Since forming in the small, Ottawa valley town of Manotick in 2007, the Juno-nominated, fuzz-guitar and vocal harmony-driven rock foursome has done their best to stay true to their roots.

Having shared the stage with such renowned acts as Andrew W.K., The Stills and Jack White’s band The Dead Weather, the quickly burgeoning four-piece will play Communitea Café on Nov. 20.

Their rise in the Canadian rock scene has been swift and well-deserved from ceaseless touring, but the band has sometimes been criticized as having an early and unfair advantage over other up and comers.

After winning a 2009 radio contest called The Big Money Shot, at Live 88.5 in Ottawa, the small town troupe was handed a princely sum of $250,000 in contest winnings.

Currently touring on the strength of their second major album White Paint, which dropped in February, lead singer and guitarist Menno Versteeg has seen the evils of fast financial success and has done his best to keep his focus pure.

“Any battle of the bands can definitely be really lame,” Versteeg said. “Music is not a competition, you know. I mean (Live 88.5) helped a lot of bands to get a jumpstart on things… but they were giving away a quarter of a million dollars a year and that’s way more than most of the other indie bands in Canada would come close to making.”

After seeing a few contest winners mismanage such a large sum of money over a few years, Live 88.5 changed the big money shot first prize total to a more reasonable $5,000 and now offers industry based-help for artists.

Versteeg is thankful his band received the right guidance after winning such a substantial chunk of winnings.

“Most bands have no idea how to spend a quarter of a million dollars. You need to spend that properly and that contest has had a few success stories, but it’s had a couple of dismal failure stories, too, from giving a lot of money to bands who didn’t have the infrastructure to spend that money properly,” Versteeg added.

Overall, Versteeg and his bandmates are thankful for winning the contest and have seen the importance of money in success as a band.

Although artists don’t often like to talk about the almighty dollar, Versteeg knows that the cost of touring, making videos and mass-distributing your own music is not cheap.

“We had really good management, and we were on our way already, and we used that money to start our own record label, but we had people who know what they were doing, and they were helping us and that made all the difference”, he added.

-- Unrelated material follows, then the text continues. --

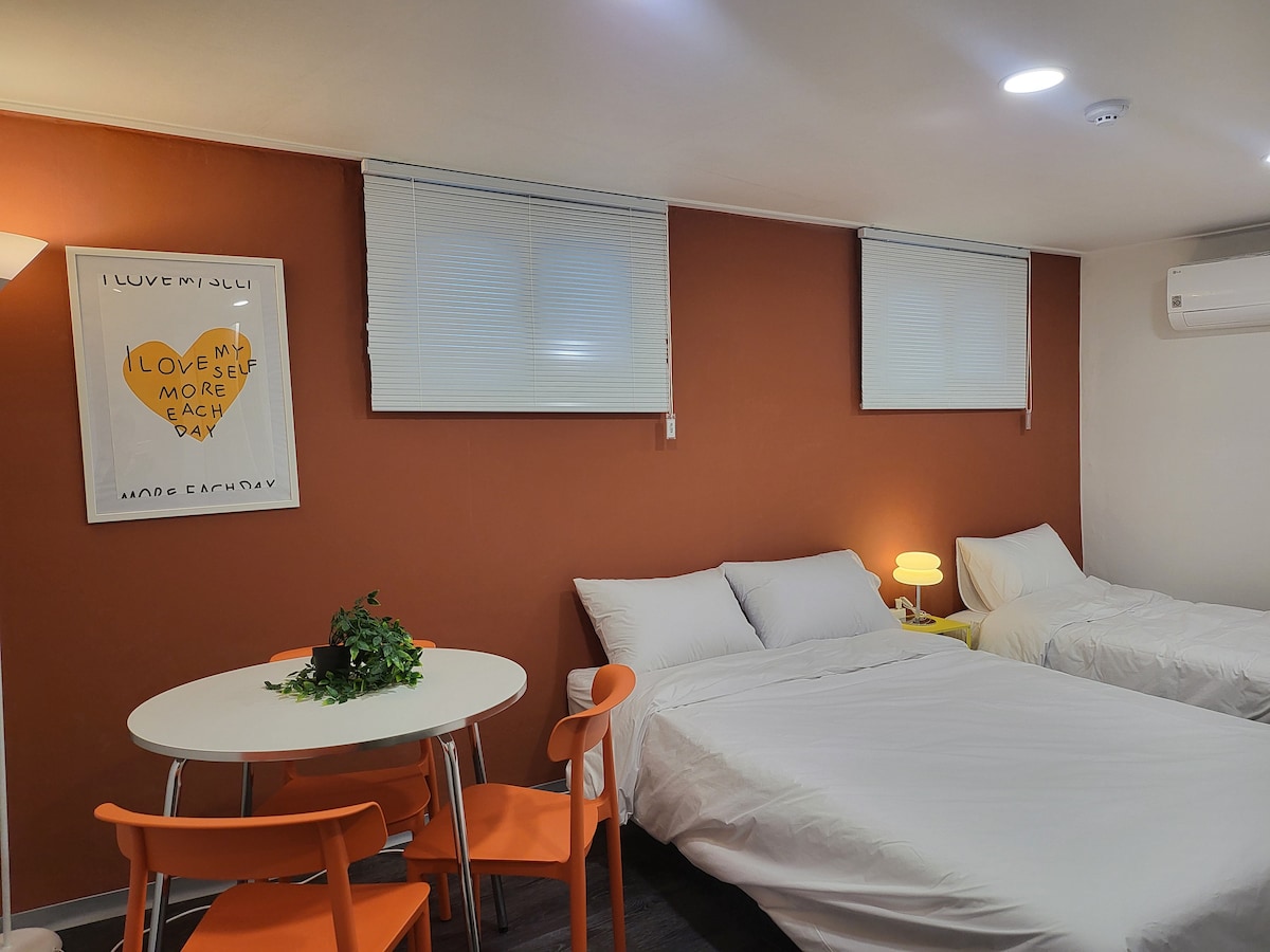 ★코레일 1호선 부천역으로부터 300m 거리로 도보로 3분내 도착이 가능한 최고의 위치를 자랑합니다. - 서울 용산역 급행열차 탑승 가능 - 서울 중심부까지 25분만에 도착 ★한국의 K-Culture를 경험하고 즐기기에 좋은 로컬 지역 - 한국에 몇개없는 대형지하상가가 부천역에 있습니다. ★숙소로부터 100m 내에 올리브영(드럭스토어), GS25/CU(편의점)가 위치해있어 외국인/내국인 관광객에게 편의성을 제공 ★본 객실은 2층에 위치하여 출입이 편리하며, 1인고객은 여유롭게 / 2인고객은 가성비 있게 숙박이 가능합니다. ※ 객실 환경 ※ -16.5 평방미터 룸 타입으로 쾌적한 개인 휴식 공간 확보 -객실내 개인화장실 보유 -넓은 현관 격실 보유 (많은 신발 보관 및 복도소음 차단) ※ 편의사항 ※ -개수대(싱크대)/정수기/전자렌지 사용 가능 -인터넷 및 케이블 TV 완비 -전 객실 도어락 설치로 보안 강화 -8채널 고화질 CCTV 설치로 공용부 24시간 보안 관리

Always using art as a channel for their music, Hollerado decided to make a video and to have a special launch party for the packaging and creation of White Paint.

The video features all of the band members and hundreds of friends, family and fans all adding a personal stroke of white paint to their new album covers.

“There is something great about that video – to have so many people in the same space working on one thing. It was a really good time. We threw a big party and had a big collaborative art project.”

Keeping a childlike, starry-eyed approach to art is important for Versteeg and his bandmates, as serious art can often carry a pretentious air with it.

“One criticism I often have is that being artistic or artsy is something that has to be taken so seriously, but I totally disagree with that. I think there are all different types of art. Sometimes it can be serious, but sometimes it can be playful,” Versteeg said.

Leaving their wives and loved ones behind, the band has experienced the struggles of touring on a first-hand basis, but they also love the adventures of the open road.

“There’s so much to love about it, but there’s so much to loathe about it,” he added.

“For the love, you can make really close friends, and we have friends all over the world that we’ve spent a few intense months or weeks with, and it’s really bonding to go through the same hardships and the same triumphs with people.”

Having travelled the world over, Versteeg and his raucous crew have a special fondness for Canmore.

“The trip across the country is gruelling, but Canmore is a place where we have many fond stories,” he said.

“We got holed up there once for a van breakdown at the Canmore Hotel, and we stayed three or four days longer than we were supposed to. There were some great people we met during that time – especially a guy with one eye and a Montreal Canadiens tattoo, and a shrine to the Canadiens in his bedroom.”